Saudi Residential Market Experiences Modest Slowdown
Saudi Arabia’s economy maintained its upward trajectory in the first half of 2025, with real GDP growing by 3.6%, driven by non-oil activities, which expanded by 4.8% compared to H1 of 2024, and reflecting these conditions, the International Monetary Fund (IMF) slightly revised its forecasts, projecting GDP growth of 3.6% in 2025 and 3.9% in 2026.
The real estate sector, however, experienced a modest slowdown in transactional activity compared to H2 of 2024, Cavendish Maxwell, the largest firm of independent property consultants in the Middle East, said on Monday.
In its market report entitled “Saudi Arabia Residential Market Performance H1 2025 – Riyadh and Jeddah Spotlight Edition,” the firm said that despite this, both sales volumes and values increased in Riyadh City and Jeddah relative to the same period last year, suggesting that while seasonal fluctuations and rising prices have slightly tempered activity, the overall market remains robust, supported by ongoing population growth and strong economic momentum.
In Riyadh City, both sales and rental prices continued to rise, with apartment prices up 10.5% and villa prices up 12.4% over the past 12 months. Rental rates also increased, with apartment rents rising 10.3% and villa rents 14.4%. By contrast, Jeddah saw more moderate growth: apartment sales prices rose 1.8% and villa prices 2.5%, while villa rental rates declined by 2.7% over the same period.
On the supply side, Riyadh City delivered approximately 6,000 residential units in H1 of 2025, with around 18,000 additional units expected for the remainder of the year. Jeddah added 2,100 units in H1 of 2025, with approximately 12,700 more anticipated by year-end.
“Overall, the real estate market remains resilient in both Riyadh City and Jeddah, supported by strong demographic trends, continued economic growth, and supportive policy measures,” the report said.
Resilient Economy
The report further said that Saudi Arabia’s economy has demonstrated notable resilience and stability in recent years. Interest rates are on a gradual downward path, expected to fall below 5% by the end of this year and ease further to 4.35% by 2026, while inflation remains firmly under control at 2.3% in 2025 and a projected 2.2% in 2026.
At the same time, real GDP grew by 3.6% in the first half of 2025, driven by non-oil activities that expanded by 4.8% compared to H1’2024.
Reflecting these conditions, the IMF has slightly revised its forecasts, projecting GDP growth of 3.6% in 2025 and 3.9% in 2026. With employment at record highs, the Government has begun to gradually rein in public spending, supported by elevated hydrocarbon revenues that continue to provide ample fiscal space.

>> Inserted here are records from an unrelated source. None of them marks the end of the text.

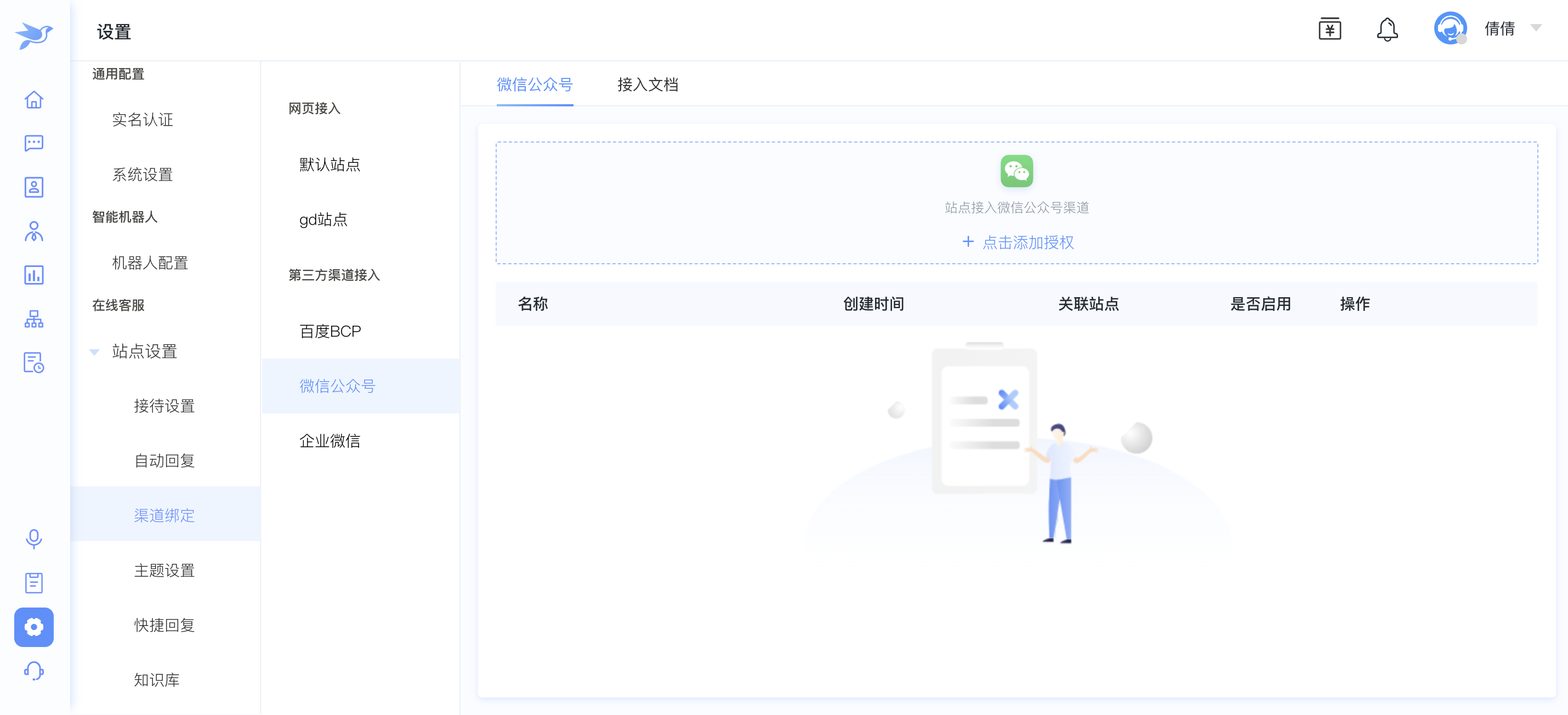 2.1.选择渠道绑定,点击微信公众号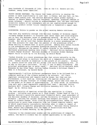 This document is an email newsletter from the National Center for Public Policy Research discussing global warming. It provides background on upcoming Senate debates and hearings on global warming legislation. It also excerpts arguments questioning the scientific consensus on human-caused global warming, including that the best climate models cannot accurately predict future temperatures or humankind's impact. Recommended links are included for additional information from analyses questioning the extent and causes of global warming.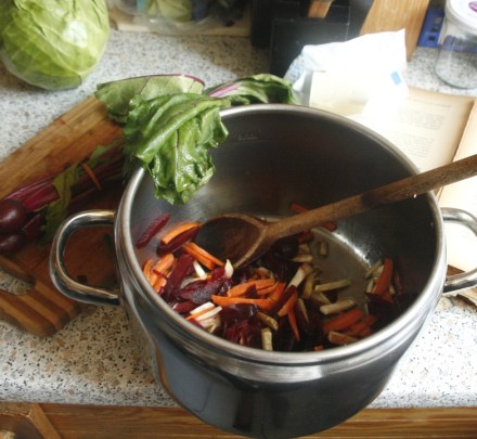 Marchewki, kawałek korzenia selera, łodygę pora, pieczarki i drobne buraczki z botwinki pokroić w paseczki (julienne), zasmażyć w maśle.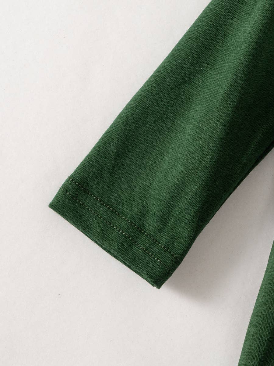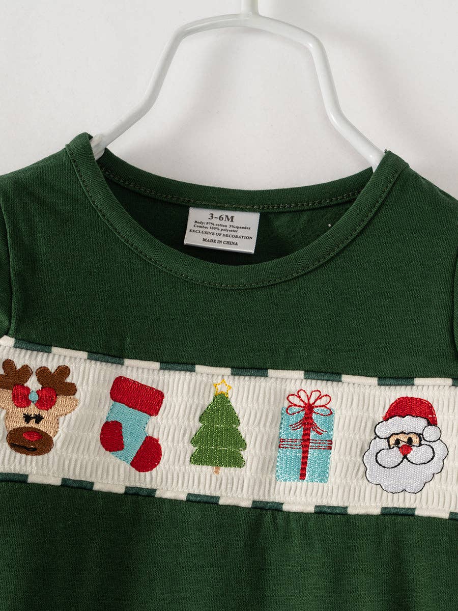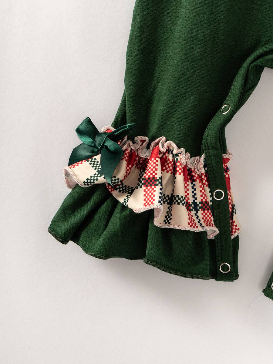 Perfectly trimmed in plaid and with a deep green body and topped with holiday bows. This outfit makes for great holiday pictures: smocked and comfy!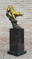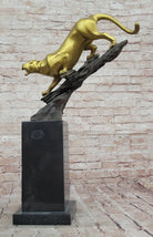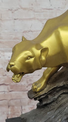 Golden Bronze Panther Statue - Dynamic Wildlife Sculpture Decor

Together, these indicators highlight the robust health of the economy and reinforce the strategic importance of continued investments in transformative giga-projects.
Sales in Riyadh
In the first half of 2025, Riyadh City recorded approximately 35,600 residential sales transactions. When compared to the same period last year, transactional volumes rose by 10.1%. However, relative to the previous half-year, volumes declined, likely due to rising property prices which temporarily tempered demand in H1’2025, as buyers faced higher down payment requirements and monthly instalments, increasing the overall cost of homeownership.
Despite this short-term moderation, overall demand is expected to remain strong, supported by ongoing population growth and economic activity.
Sales Transactions by Value
Riyadh City recorded approximately $17.52 billion in residential sales transactions in the first six months of this year, with $8 billion recorded through the Ministry of Justice and $9.52 billion through the Real Estate Registry. While both transaction values and volumes declined compared to H2 of 2024, there was a notable y-o-y increase.
Transaction values surged by 62.6% compared with H1 of 2024, while volumes rose by only 10.1%. The divergence between value and volume growth indicated that higher-priced transactions occurred in H1 of 2025, highlighting the effect of rising property prices, the report said.